DOTS                                                            T. Reddy
Internet-Draft                                                  P. Patil
Intended status: Standards Track                               M. Geller
Expires: December 31, 2015                                       D. Wing
                                                                  S. Rao
                                                                   Cisco
                                                            M. Boucadair
                                                          France Telecom
                                                           June 29, 2015


        Information Model for DDoS Open Threat Signaling (DOTS)
                     draft-reddy-dots-info-model-00

Abstract

   This document discusses the need and the mechanisms to dynamically
   update configuration of network monitoring devices to help identify
   distributed denial-of-service (DDoS) attacks in a network.  Once an
   attack is signalled by a client or detected locally, provisioning
   cycles are triggered to program a set of network elements to
   undertake appropriate actions (including, blackhole, drop, rate-
   limit, or add to watch list) on the suspect traffic.

Status of This Memo

   This Internet-Draft is submitted in full conformance with the
   provisions of BCP 78 and BCP 79.

   Internet-Drafts are working documents of the Internet Engineering
   Task Force (IETF).  Note that other groups may also distribute
   working documents as Internet-Drafts.  The list of current Internet-
   Drafts is at http://datatracker.ietf.org/drafts/current/.

   Internet-Drafts are draft documents valid for a maximum of six months
   and may be updated, replaced, or obsoleted by other documents at any
   time.  It is inappropriate to use Internet-Drafts as reference
   material or to cite them other than as "work in progress."

   This Internet-Draft will expire on December 31, 2015.

Copyright Notice

   Copyright (c) 2015 IETF Trust and the persons identified as the
   document authors.  All rights reserved.

   This document is subject to BCP 78 and the IETF Trust's Legal
   Provisions Relating to IETF Documents



Reddy, et al.           Expires December 31, 2015               [Page 1]

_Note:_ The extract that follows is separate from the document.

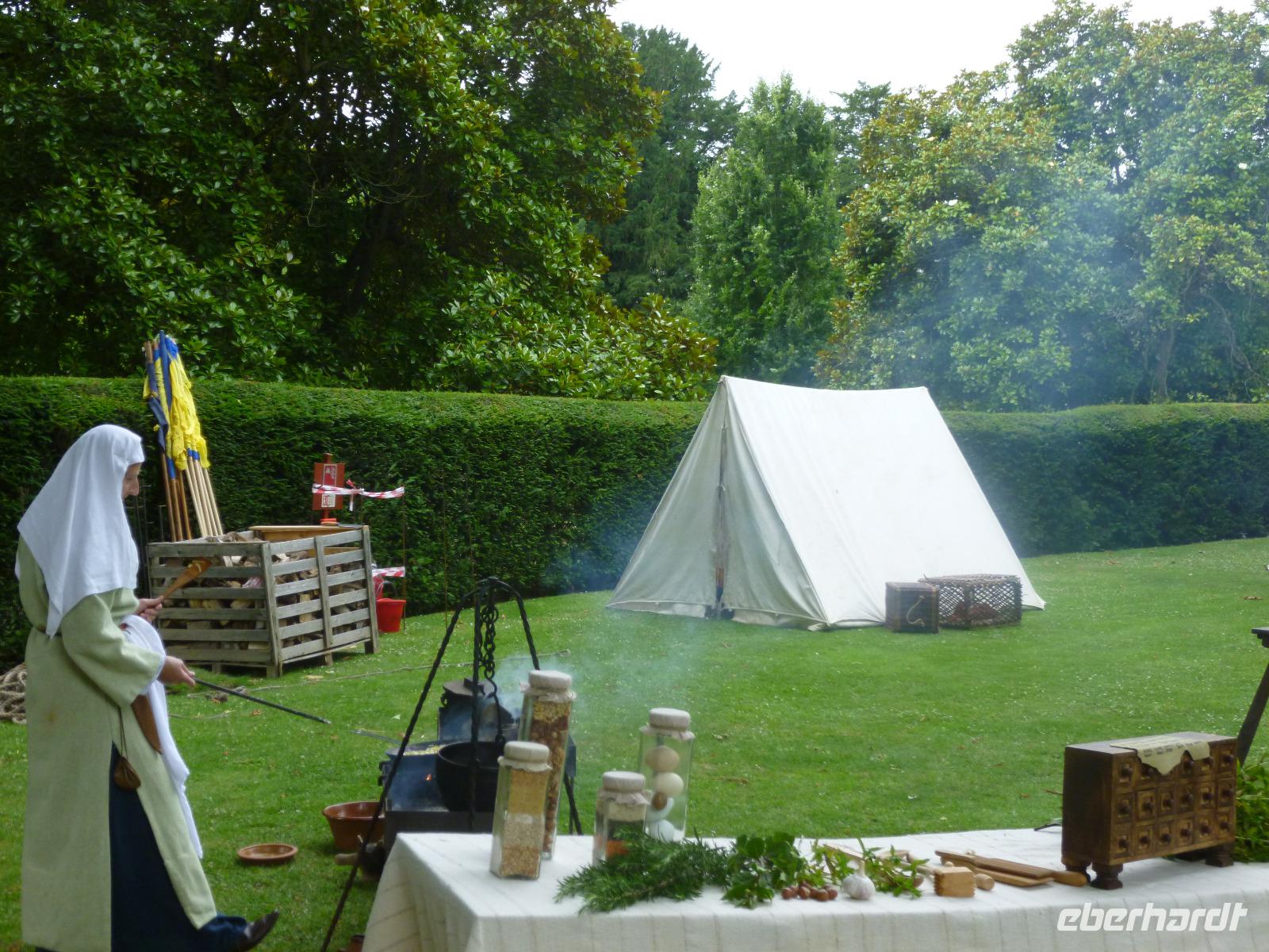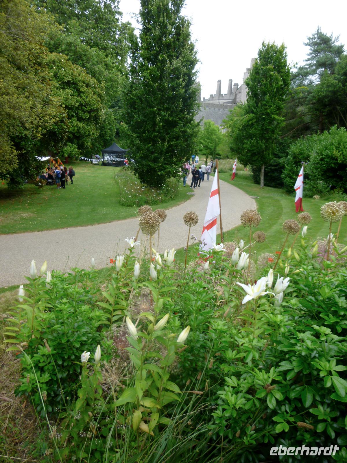 In den ausgedehnten gepflegten Schlossgärten erfreute uns mittelalterliches Treiben: Falkenschau, Ritter, Kräuterfrauen.

Internet-Draft         Information model for DOTS              June 2015


   (http://trustee.ietf.org/license-info) in effect on the date of
   publication of this document.  Please review these documents
   carefully, as they describe your rights and restrictions with respect
   to this document.  Code Components extracted from this document must
   include Simplified BSD License text as described in Section 4.e of
   the Trust Legal Provisions and are provided without warranty as
   described in the Simplified BSD License.

Table of Contents

   1.  Introduction  . . . . . . . . . . . . . . . . . . . . . . . .   2
   2.  Notational Conventions  . . . . . . . . . . . . . . . . . . .   3
   3.  Terminology . . . . . . . . . . . . . . . . . . . . . . . . .   3
   4.  Solution Overview . . . . . . . . . . . . . . . . . . . . . .   4
   5.  Security Considerations . . . . . . . . . . . . . . . . . . .   9
   6.  Acknowledgements  . . . . . . . . . . . . . . . . . . . . . .   9
   7.  References  . . . . . . . . . . . . . . . . . . . . . . . . .   9
     7.1.  Normative References  . . . . . . . . . . . . . . . . . .   9
     7.2.  Informative References  . . . . . . . . . . . . . . . . .  10
   Authors' Addresses  . . . . . . . . . . . . . . . . . . . . . . .  10

1.  Introduction

   A distributed denial-of-service (DDoS) attack is an attempt to make
   machines or network resources unavailable to their intended users.
   In most cases, sufficient scale can be achieved by compromising
   enough end-hosts and using those infected hosts to perpetrate and
   amplify the attack.  The victim in this attack can be an application
   server, a client or router, a firewall, or an entire network, etc.
   Typically, enterprises configure Network Elements and Monitoring
   Devices (appliances) to export traffic flow information for further
   processing by applications hosted on other devices, such as DDoS
   monitoring applications.

   DDoS monitoring applications analyze and correlate flow records to
   baseline proper behaviour and measure deviation from that expected
   norm ("Observed" vs. "Expected").  Analytics is applied to deliver a
   baseline of the network in normal operation conditions and then to
   highlight when an anomalous event occurs.  As DDoS attacks get more
   complex and more sophisticated, DDoS monitoring applications may need
   more or different fields in the flow records, change the frequency of
   flow record collection, increase the granularity of flow record
   collection for traffic to a network resource, tweak the sampling
   logic, enable or disable packet sampling, modify the packet selection
   technique for sampling, etc., to adjust their decision-making process
   for a better detection efficiency.





Reddy, et al.           Expires December 31, 2015               [Page 2]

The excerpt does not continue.